News LoveKraków.pl

Legenda rzucona na głęboką wodę. „Nie wyobrażam sobie”

Maciej Musiał (z lewej) i Krzysztof Świątek fot. Mateusz Kaleta/LoveKraków.pl

Maciej Musiał wraz z dwoma współpracownikami stracił pracę w Hutniku trzy kolejki przed końcem sezonu. Pierwszym trenerem został Krzysztof Świątek, który oddaniem klubowi jako zawodnik zapracował na miano legendy.

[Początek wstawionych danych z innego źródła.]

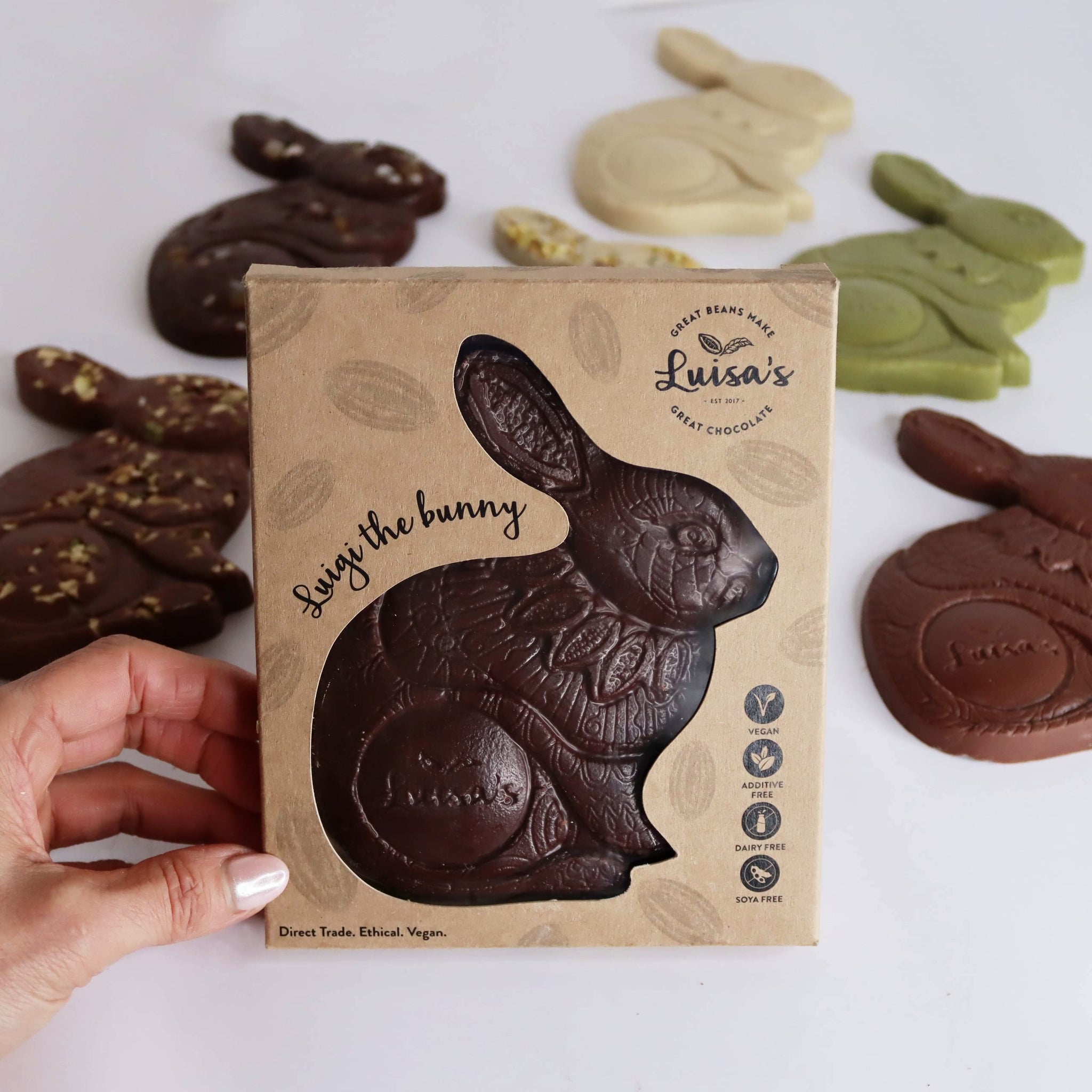Each Luigi Bunny is handcrafted with a beautifully intricate design and made with craftsmanship, quality, and ethics at its heart. This generous slab of luxurious chocolate makes a thoughtful Easter gift - elegant, delicious, and full of character. Now in biodegradable packaging made from sea kelp.

W sobotę drużyna z Suchych Stawów przegrała trzecie spotkanie z rzędu i wypadła z czołowej szóstki, która gwarantowała udział w barażach o ekstraklasę. Dwa dni po porażce z Polonią Bytom klub poinformował o odejściu pierwszego trenera Macieja Musiała, a także asystenta Łukasza Woźniaka i trenera przygotowania motorycznego. Działacze uznali, że zespół potrzebuje nowego impulsu. Na początku kwietnia pytaliśmy o przedłużenie umowy ze szkoleniowcem. Usłyszeliśmy, że nawet awans do I ligi, czy sam udział w barażach nie jest tego gwarantem, bo nie ma w niej zapisu o automatycznej prolongacie. – Liczymy, że trener będzie się bronił wynikami i wizją gry. Rezultaty nie są jedynym wyznacznikiem. Mamy założone długoterminowe cele związane z rozwojem młodych zawodników – podkreślał w rozmowie z LoveKraków.pl prezes Artur Trębacz.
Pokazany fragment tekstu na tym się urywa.